Radius Server Dead Timer Not Working As Expected In The Switch
Radius server dead timer is applied when the server goes offline /not reachable. In such scenarios you have multiple options that can be configured in the switch to over come clients getting unauthenticated and getting blocked by AAA.
Some of them include having critical VLAN and critical user role configured or having authorized access granted when radius server is not reachable.
When the second option is applied the clients are authenticated for 60mins(default radius server dead timer) and no radius packets will be forwarded to the server as it would be marked dead for 60mins or radius dead timer.
In the below scenario with windows 7 client the switch tries to reach the server before the dead timer expires.
Port access configuration-
aaa authentication port-access eap-radius server-group "ISE_access" authorized
aaa server-group radius "ISE_access" host 220.127.116.11
Radius server is made unreachable by adding a blackhole route/ adding a non-existent server, this will make the clients get authorized access. Now since the radius server is dead, the dead timer is applied
Deadtime (minutes) : 60
Timeout (seconds) : 3
Retransmit Attempts : 1
Global Encryption Key :
Dynamic Authorization UDP Port : 3799
Source IP Selection : 10.33.16.35
Source IPv6 Selection : Outgoing Interface
Auth Acct DM/ Time |
Server IP Addr Port Port CoA Window | Encryption Key
--------------- ---- ---- --- ------ + --------------------------------
10.53.159.176 1645 1646 No 300 | 1qazxsw23edc
18.104.22.168 1812 1813 No 300 | MDLZ@Radius!
Switch would consider the server dead for 60mins and should not try to reach it in that interval.
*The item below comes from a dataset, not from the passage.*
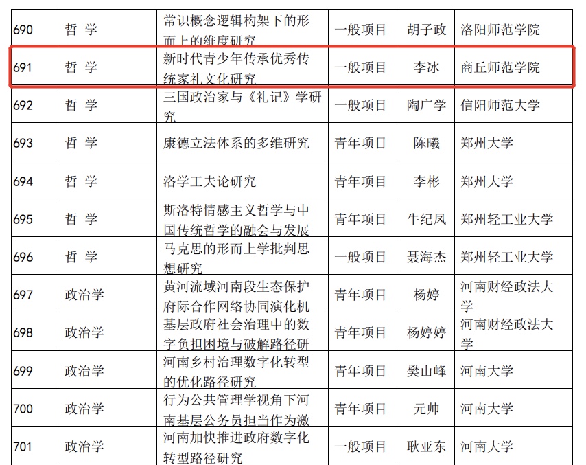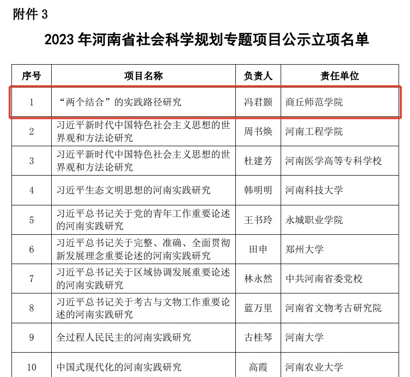 近日,河南省哲学社会科学规划办公布了2023年河南省哲学社会科学规划年度项目、决策咨询项目、专题项目立项名单,威廉希尔官网数据两位教师获批立项,分别是冯君颢博士的《“两个结合”的实践路径研究》和李冰博士的《新时代青少年传承优秀传统家礼文化研究》。

But here the switch tries to reach the server every 20-25secs and re-applying the authorized access to the client causing client traffic interruption.
W 12/06/19 10:40:44 00989 auth: AUTHORIZED Access granted for access method
I 12/06/19 10:40:44 00421 radius: Can't reach RADIUS server 22.214.171.124
E 12/06/19 10:40:41 02648 srcip: RADIUS - failure to send out pkt
E 12/06/19 10:40:39 02648 srcip: RADIUS - failure to send out pkt
I 12/06/19 10:40:28 00179 mgr: SME TELNET from 10.87.56.68 - MANAGER Mode
I 12/06/19 10:40:28 04243 mgr: User uje8175 : Moved to manager mode for the
TELNET session from IP address 10.87.56.68
W 12/06/19 10:40:21 00989 auth: AUTHORIZED Access granted for access method
I 12/06/19 10:40:21 00421 radius: Can't reach RADIUS server 126.96.36.199
E 12/06/19 10:40:18 02648 srcip: RADIUS - failure to send out pkt
E 12/06/19 10:40:15 02648 srcip: RADIUS - failure to send out pkt
W 12/06/19 10:39:57 00989 auth: AUTHORIZED Access granted for access method
After the dead timer expires, the switch is expected to try to reach the RADIUS server again to initiate a new session for the respective client.
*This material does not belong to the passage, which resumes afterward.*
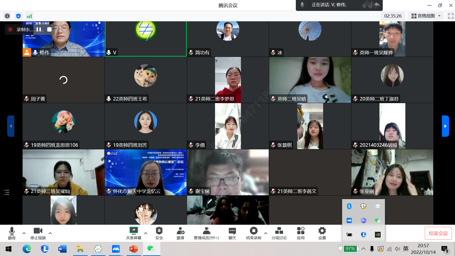 本网讯(修伟)10月14日晚,伟德BV1946官网名师流动站“双师协同云课堂”论坛在线上如期举行,邀请省级教学竞赛获奖者、来自怀化市鹤城区顺天中学石冰、龙忆云两位一线教师,以及公司中小学外语名师流动站首批驻站专家、来自张家界市教育科学研究院专职教研员伍杰作主题分享,拉开了该院为期一个月的国家级一流本科专业建设点(英语专业)名师流动站双师协同课堂系列活动暨湖南省一流课程(“英语教学技能训练”) 双师云课堂活动的序幕。该院经理刘汝荣、副经理简功友、外语教师教育课程团队教师及2019级、2020级全体师范生近300人与会。论坛由该院教师修伟主持。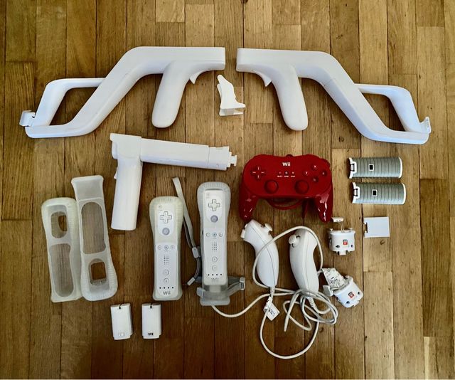Detalles del producto2 Mandos wii originales con sus fundas, 2 nunchacs, 2 rifles y una pistola . Los mandos muy usados pero en buen estado, el resto casi sin uso, como nuevo. El mando rojo ya se ha vendido

Here we tried with Windows-7 client and 2915 switch. We made radius server as not reachable and client is authorized since it has been configured. During this time, switch is sending the success message to the client. But Windows-7 client is ignoring it. So that every 30 seconds, client is sending EAPOL packets within the dead timer interval which is causing the logs message related to authorization in the switch.
Verified the same behavior with UBUNTU, Centos clients it was working fine. Make sure you collect the pcap from the client end as Windows machines are chatty and could be sending multiple EAPOL packets causing the authentication to occur again before the dead timer expires.